* Atlantic Array would have had capacity of 1.2 GW
* Could have powered up to 900,000 British households
* RWE to focus on less technically challenging sites
* Decision comes amid uncertainty over UK energy policy
FRANKFURT, Nov 26 (Reuters) - German utility RWE has scrapped plans to build one of the world’s largest offshore wind parks in Britain, as soaring gas and electricity prices fuel uncertainty over the UK government’s commitment to renewable energy subsidies.
RWE said on Tuesday it would not go ahead with the proposed 1.2 gigawatt (GW) Atlantic Array wind park off southwest England, which would have featured up to 240 wind turbines with the potential to power as many as 900,000 British households.
“This is not a decision we have taken lightly, however given the technological challenges and market conditions, now is not the right time for RWE to continue to progress with this project,” Paul Cowling, director of offshore at RWE’s renewable energy unit Innogy, said in a statement.
Britain’s energy sector has come under intense scrutiny in recent months, after opposition leader Ed Miliband said he would cap prices following years of steep rises, forcing the government on to the back foot.
In response, Prime Minister David Cameron has said he would cut so-called green taxes.
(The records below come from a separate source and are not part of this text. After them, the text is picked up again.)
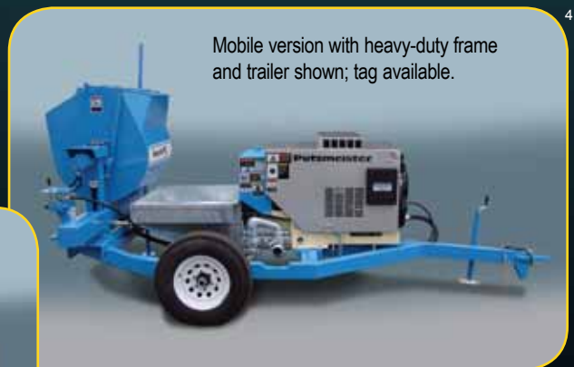
Mobile version with heavy-duty frame and trailer shown; tag available.

IDEAL FOR: Fireproofing • Plaster - Exterior and Interior • Injection Work • Stucco • Kool Decks • Pool Plastering Exposed Aggregate Pools • Mortar • Grouts • Floor Leveling Compounds • Concrete Repairs • Specialty Materials
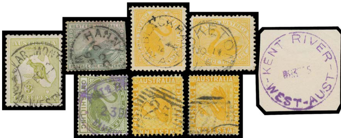
Ex Lot 844

843 C Batch of PPCs with some useful postmarks including 15-bar '17' & 'AUSTRALIND' "tie", 'COOKERNUP' duplex, 'DARDANUP' & 'ISRAELITE BAY', etc, condition variable. (50 approx) 400
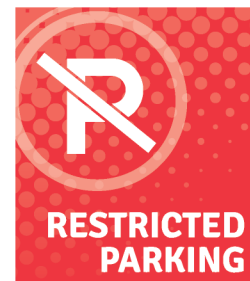
Restricted TR10X11,5-A 10.0"w X 11.5"h
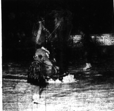
Snow in Hawaii?

The Senior Men's Club was organized in January of 1957. It is co-sponsored by the Birmingham Recreation Board, from whom they also receive great assistance and moral support. Their program for Feb. 26 will include a showing of "Walt Disney's" movie of Switzerland. The Discussion Group which meets separately after lunch will have "Are People So Dumb" for their topic.

Environmental taxes and social charges contribute nearly 10 percent to domestic energy bills, which average more than 1,200 pounds ($1,900) a year for each household.
The six energy companies that dominate Britain’s energy market - which include RWE - have defended steep price rises, blaming green costs, wholesale prices and the cost of using the national grid.
Offshore wind parks have a relatively high risk profile compared with onshore sites, as turbines are installed in open water and need to withstand more challenging weather conditions such as higher wind speeds.
“We will continue to focus on the other less technically challenging offshore projects within our extensive offshore pipeline of up to 5.2 GW,” RWE’s Cowling said.
RWE, under pressure from plunging wholesale power prices, a boom in renewable energy capacity in its home market as well as Germany’s decision to abandon nuclear power by 2022, is in the process of a major restructuring that has led it to slash about 13,000 jobs, or about 18 percent of its workforce since 2011 and to halve its dividend for this year.
Burdened by 30.8 billion euros ($41.6 billion) of debt, the group has embarked on a “capital light” strategy, aiming to partly outsource funding for expensive renewable energy projects, including offshore.